On 19 August 2010, at a Diamond League meeting in Zürich, Farah ran 5000 m in 12:57.94, breaking David Moorcroft's long-standing British record and becoming the first ever British athlete to run under 13 minutes.

In December 2010, Farah was named track-and-field athlete of the year by the British Olympic Association. He closed the year at the BO classic and just missed out on the 10,000 m title, losing to Imane Merga in a sprint finish by 0.2 seconds.

2011-12: European and British records, and world medals

2011 was a successful year for Farah, beginning on 8 January at the Edinburgh Cross Country, where he defeated the top four finishers of that year's European Championships to take victory in the long race.

In February 2011, Farah announced that he would be relocating to Portland, Oregon to work with new coach Alberto Salazar, train alongside Galen Rupp, and avoid the attention of the British tabloids. On 19 February 2011 in Birmingham, England, Farah broke the European 5000 m indoor record with a time of 13:10.60, at the same time taking ten seconds off the 29-year-old British indoor record of Nick Rose. On 5 March 2011, he won gold in the 3000 metres at the European Indoor Championships. On 20 March, Farah also won the NYC Half Marathon in a time of 1:00:23, a new British record. He and training partner Galen Rupp had originally planned on running a 10,000 m race in New Zealand. However, after the race was cancelled due to the Christchurch earthquake and damage done to the track, they entered the half-marathon in New York.

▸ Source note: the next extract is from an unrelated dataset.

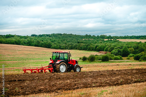 Obraz premium tractor plows the land

On 3 June 2011, at a Diamond League meeting in Eugene, Oregon, Farah won the Prefontaine Classic's 10,000 m event in 26:46.57, setting a new British and European record. On 22 July 2011, at a Diamond League meeting in Monaco, he set a new British national record in the 5000 m with a time of 12:53.11. Farah edged out American Bernard Lagat to win the race.

In the 2011 World Championships in Athletics in Daegu, South Korea, Farah made a major breakthrough on the world stage by taking the silver medal in the 10,000 m and then the gold in the 5000 m. He became the first British man to win a World Championships medal over either distance. Farah had in fact been more strongly favoured to take the 10,000 m title, but was narrowly beaten in a last lap sprint by Ethiopian Ibrahim Jeilan. In the 5000 m, he overcame Lagat, beating him into second place. Following the race, Dave Moorcroft, former 5000 metres world record holder, hailed Farah as "the greatest male distance runner that Britain has ever seen".

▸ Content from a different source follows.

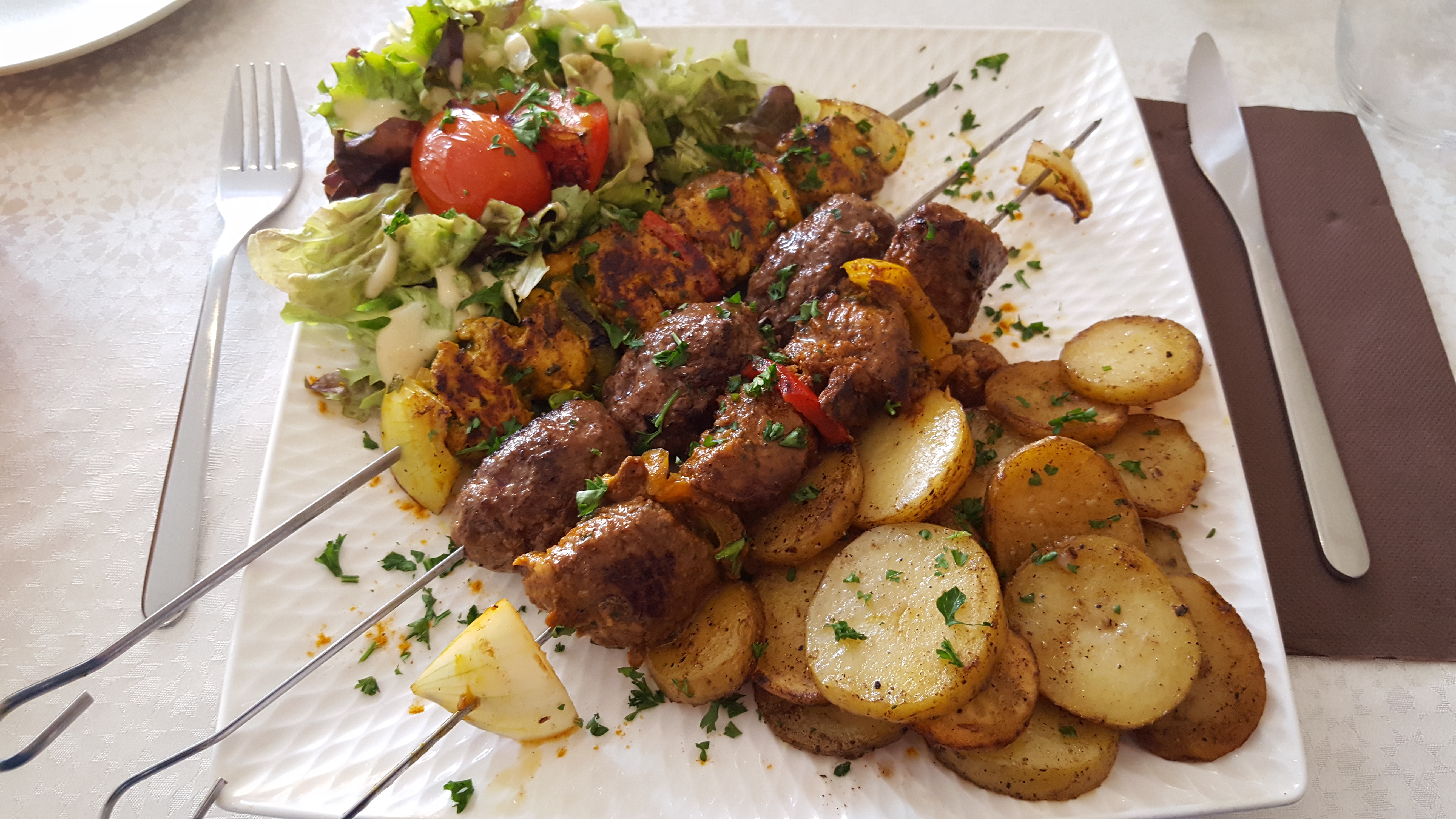Très bonne accueil mais très déçu du repas 6 euros 2 samoussa thon et boeuf avec salade sans goût marocain et après pris tajine de poisson 3 crevettes et un bout de poisson blanc et pomme de terre carotte mon compagnon à prit brochette de boeuf et poulet pomme de terre très sec réchauffé du midi on pense pas.du tout goût marocain on ira plus c'est sûr

At the European Championships in June 2012, he won the 5000m. This then made Farah the first athlete to win this European title more than once.

2012: Double Olympic champion

At the London 2012 Olympics, on 4 August, Farah won the 10,000 m gold in a time of 27:30.42. This was Great Britain's first Olympic gold medal in the 10,000 m, and came after two other gold medals for the country in the same athletics session. His training partner, Galen Rupp of the United States, took second place. At the time both runners were a part of the Nike Oregon Project coached by Alberto Salazar. Farah stated that he would observe his Ramadan fast later in the year. On 11 August 2012, Farah made it a long-distance double, winning the 5000 metres in a time of 13:41.66. The noise from the crowd in the 5,000 m race was so loud it made the camera shake and distorted the photo-finish image. He dedicated the two golds to his twin daughters.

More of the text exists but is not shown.